- [TASK OBJECTIVE] For the listing below, output exactly the lines from the line with "A színháztól kicsit" up to and including the line with "Abschiedsfahrt des Vereins", and no other lines.

- [MATERIAL PROVIDED]
******************************

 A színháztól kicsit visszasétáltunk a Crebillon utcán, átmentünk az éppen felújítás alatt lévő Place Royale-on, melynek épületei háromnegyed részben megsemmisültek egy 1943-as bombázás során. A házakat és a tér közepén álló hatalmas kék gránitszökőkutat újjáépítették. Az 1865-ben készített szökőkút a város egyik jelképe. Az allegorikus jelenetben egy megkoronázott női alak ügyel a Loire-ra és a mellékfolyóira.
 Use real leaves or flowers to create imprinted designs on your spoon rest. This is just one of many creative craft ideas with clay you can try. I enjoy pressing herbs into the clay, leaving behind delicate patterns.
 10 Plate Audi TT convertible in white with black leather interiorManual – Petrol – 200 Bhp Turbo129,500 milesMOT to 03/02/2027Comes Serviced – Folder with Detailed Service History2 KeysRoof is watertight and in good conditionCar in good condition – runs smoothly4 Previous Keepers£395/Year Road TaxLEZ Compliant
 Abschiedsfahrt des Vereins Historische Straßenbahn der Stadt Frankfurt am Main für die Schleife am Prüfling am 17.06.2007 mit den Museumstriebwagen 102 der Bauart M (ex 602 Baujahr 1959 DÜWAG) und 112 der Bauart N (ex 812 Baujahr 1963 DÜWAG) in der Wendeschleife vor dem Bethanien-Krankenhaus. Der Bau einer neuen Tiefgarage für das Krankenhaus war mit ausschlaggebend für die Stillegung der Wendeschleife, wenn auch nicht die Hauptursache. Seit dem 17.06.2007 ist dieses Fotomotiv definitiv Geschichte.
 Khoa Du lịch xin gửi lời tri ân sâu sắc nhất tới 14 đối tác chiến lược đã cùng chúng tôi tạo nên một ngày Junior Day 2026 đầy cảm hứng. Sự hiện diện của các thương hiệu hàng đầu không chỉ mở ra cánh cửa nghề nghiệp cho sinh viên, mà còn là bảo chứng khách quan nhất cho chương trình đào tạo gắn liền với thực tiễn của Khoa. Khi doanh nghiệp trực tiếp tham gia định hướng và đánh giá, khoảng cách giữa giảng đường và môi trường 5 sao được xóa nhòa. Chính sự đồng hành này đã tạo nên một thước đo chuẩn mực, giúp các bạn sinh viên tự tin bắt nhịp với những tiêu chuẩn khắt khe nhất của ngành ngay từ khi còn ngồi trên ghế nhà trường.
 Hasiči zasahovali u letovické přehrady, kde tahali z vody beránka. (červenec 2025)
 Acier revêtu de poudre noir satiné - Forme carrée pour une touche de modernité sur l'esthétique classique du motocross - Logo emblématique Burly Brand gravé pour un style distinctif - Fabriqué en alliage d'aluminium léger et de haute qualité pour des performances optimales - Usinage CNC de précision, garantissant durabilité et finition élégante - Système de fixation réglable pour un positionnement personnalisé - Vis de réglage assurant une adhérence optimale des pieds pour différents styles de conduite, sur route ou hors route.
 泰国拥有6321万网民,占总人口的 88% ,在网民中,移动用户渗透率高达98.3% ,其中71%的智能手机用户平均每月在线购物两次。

******************************

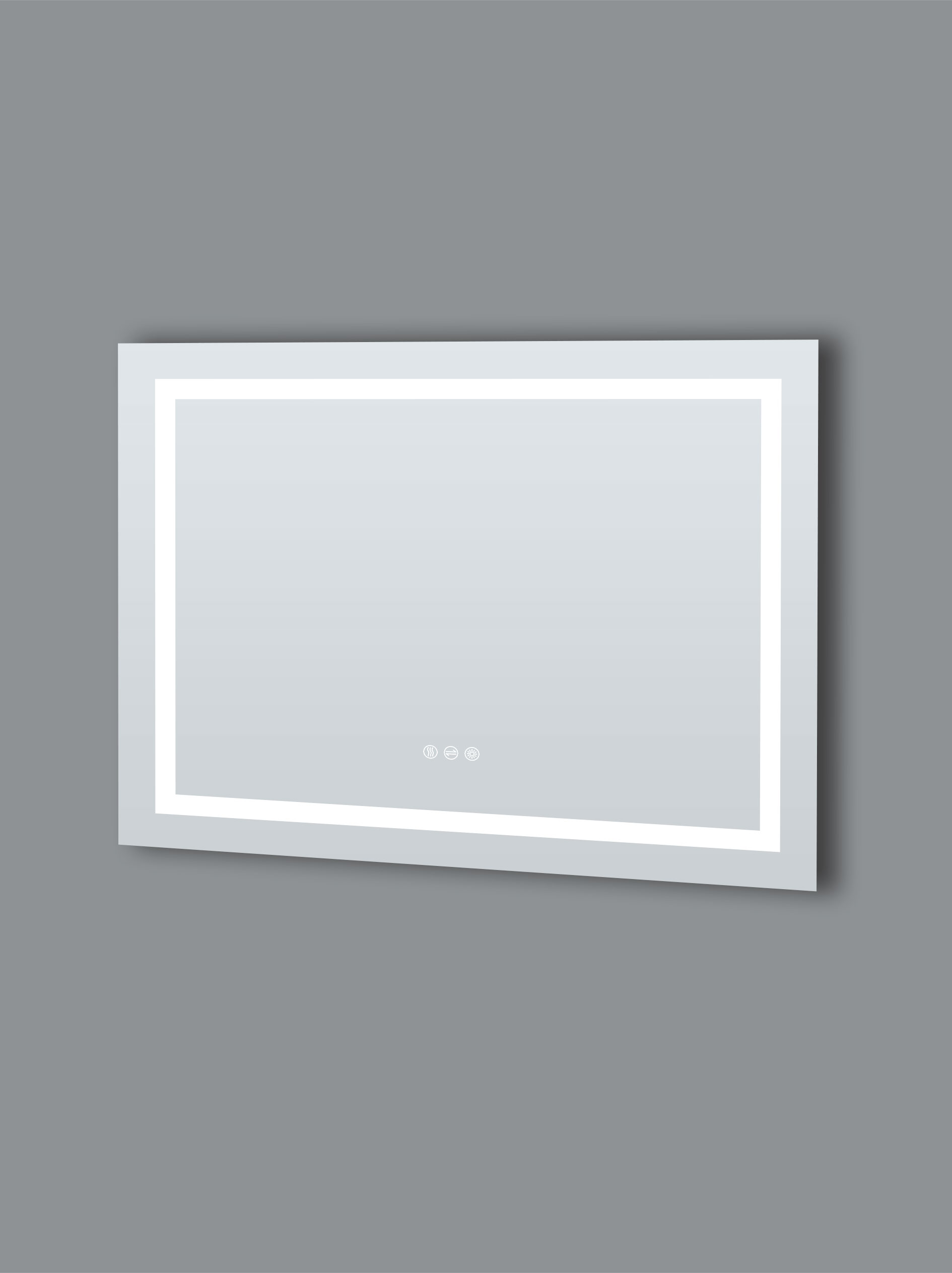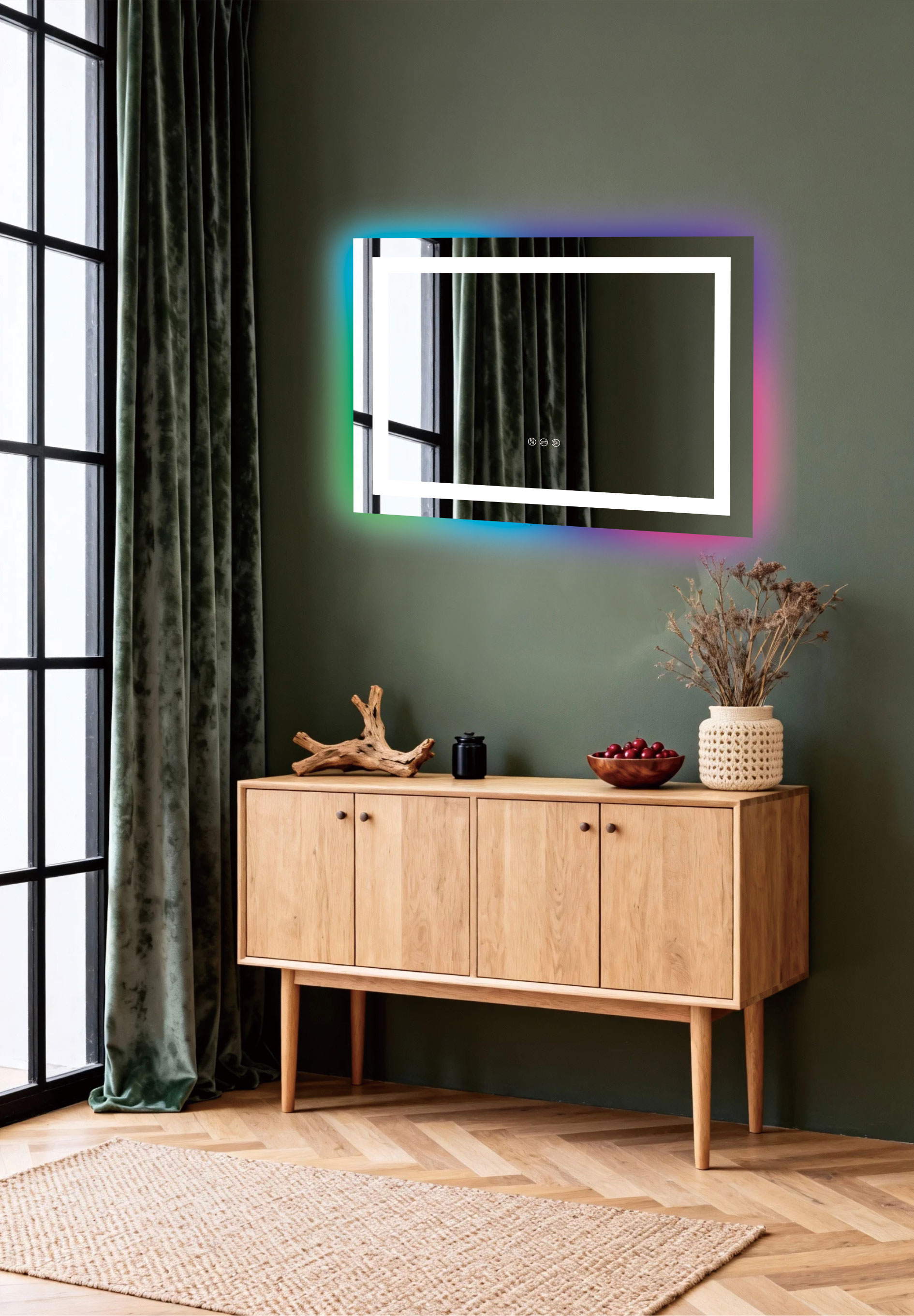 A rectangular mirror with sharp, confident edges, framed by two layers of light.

******************************

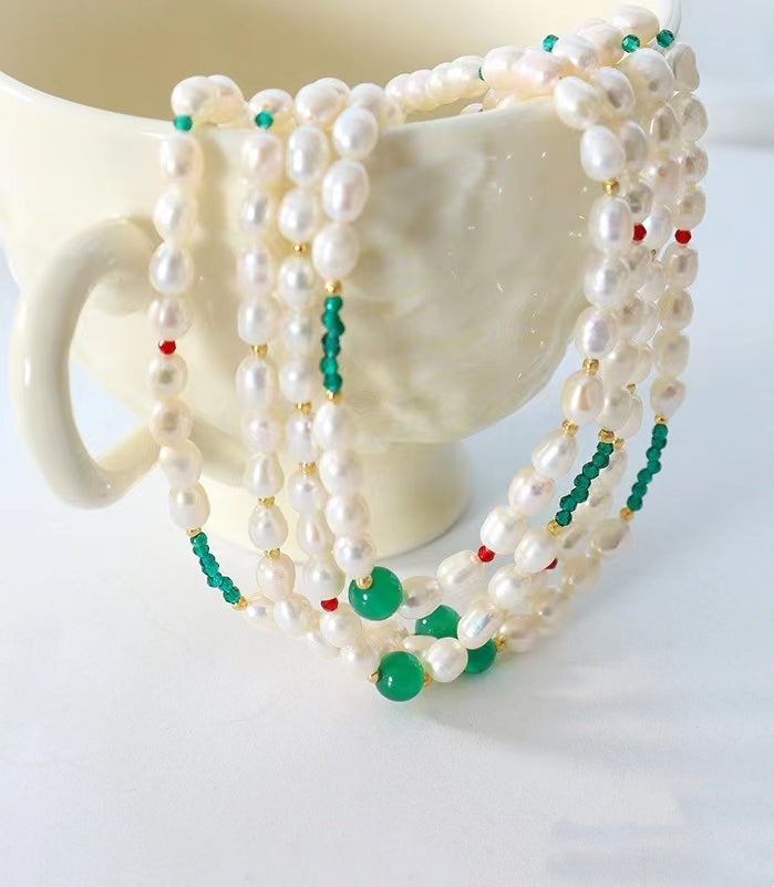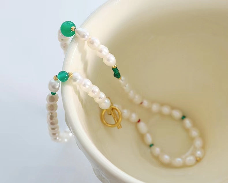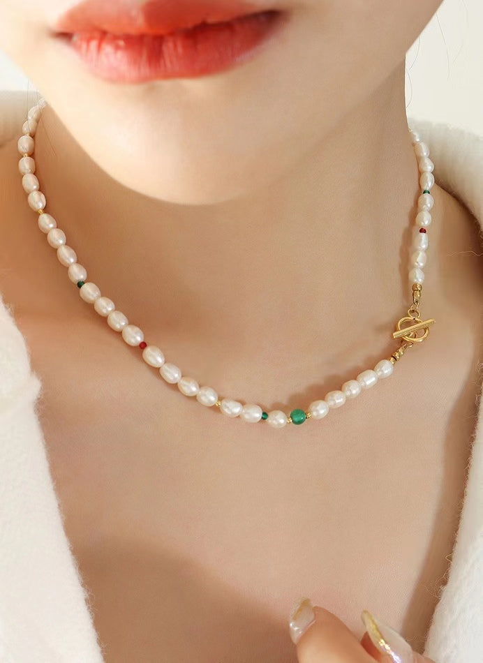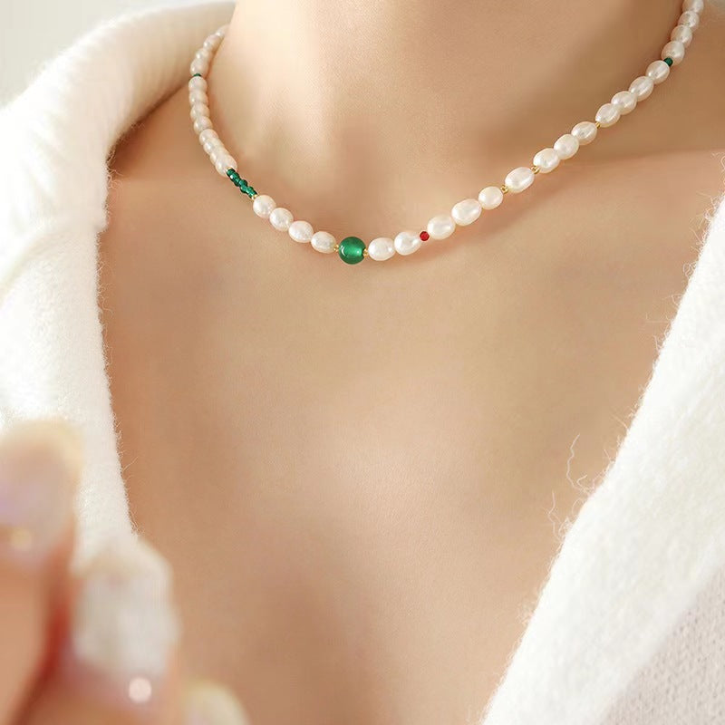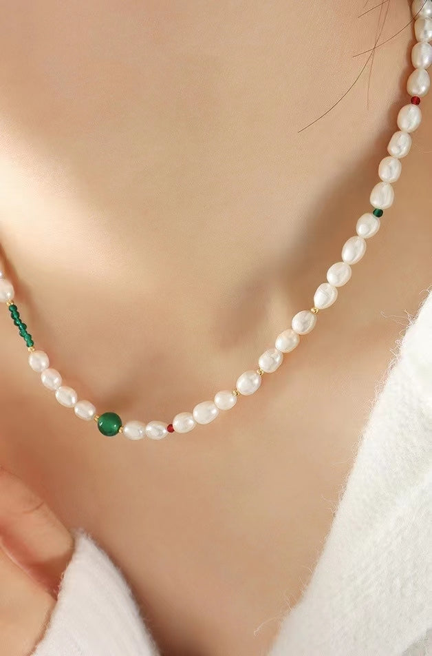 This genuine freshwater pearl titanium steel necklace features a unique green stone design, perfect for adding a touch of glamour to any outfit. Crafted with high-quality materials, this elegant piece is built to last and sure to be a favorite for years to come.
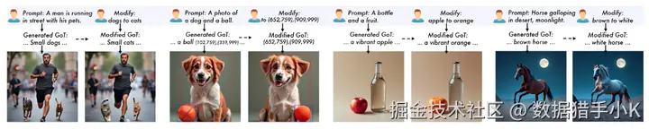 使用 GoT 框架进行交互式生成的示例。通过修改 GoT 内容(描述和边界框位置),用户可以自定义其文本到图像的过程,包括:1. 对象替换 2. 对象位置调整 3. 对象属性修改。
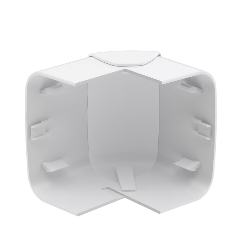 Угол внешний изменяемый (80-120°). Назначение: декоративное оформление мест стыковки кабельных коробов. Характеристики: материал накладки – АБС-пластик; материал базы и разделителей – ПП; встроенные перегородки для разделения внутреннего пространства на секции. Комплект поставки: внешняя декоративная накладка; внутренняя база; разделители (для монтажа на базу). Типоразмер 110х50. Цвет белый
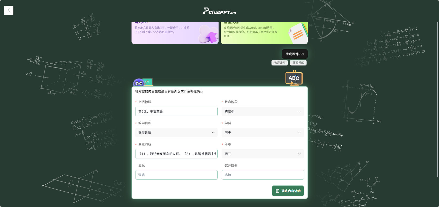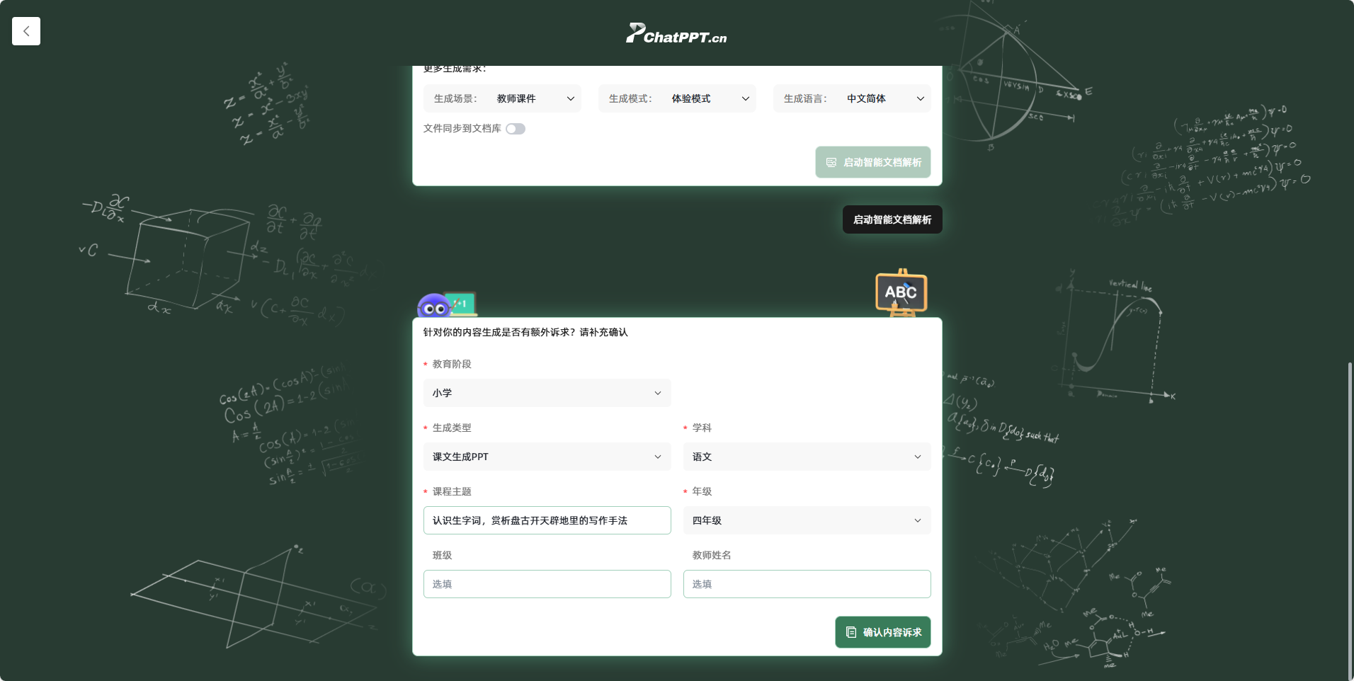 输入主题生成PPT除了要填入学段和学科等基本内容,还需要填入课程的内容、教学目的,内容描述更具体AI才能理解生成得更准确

******************************

- [SOLUTION FOR THIS EXERCISE]
 A színháztól kicsit visszasétáltunk a Crebillon utcán, átmentünk az éppen felújítás alatt lévő Place Royale-on, melynek épületei háromnegyed részben megsemmisültek egy 1943-as bombázás során. A házakat és a tér közepén álló hatalmas kék gránitszökőkutat újjáépítették. Az 1865-ben készített szökőkút a város egyik jelképe. Az allegorikus jelenetben egy megkoronázott női alak ügyel a Loire-ra és a mellékfolyóira.
 Use real leaves or flowers to create imprinted designs on your spoon rest. This is just one of many creative craft ideas with clay you can try. I enjoy pressing herbs into the clay, leaving behind delicate patterns.
 10 Plate Audi TT convertible in white with black leather interiorManual – Petrol – 200 Bhp Turbo129,500 milesMOT to 03/02/2027Comes Serviced – Folder with Detailed Service History2 KeysRoof is watertight and in good conditionCar in good condition – runs smoothly4 Previous Keepers£395/Year Road TaxLEZ Compliant
 Abschiedsfahrt des Vereins Historische Straßenbahn der Stadt Frankfurt am Main für die Schleife am Prüfling am 17.06.2007 mit den Museumstriebwagen 102 der Bauart M (ex 602 Baujahr 1959 DÜWAG) und 112 der Bauart N (ex 812 Baujahr 1963 DÜWAG) in der Wendeschleife vor dem Bethanien-Krankenhaus. Der Bau einer neuen Tiefgarage für das Krankenhaus war mit ausschlaggebend für die Stillegung der Wendeschleife, wenn auch nicht die Hauptursache. Seit dem 17.06.2007 ist dieses Fotomotiv definitiv Geschichte.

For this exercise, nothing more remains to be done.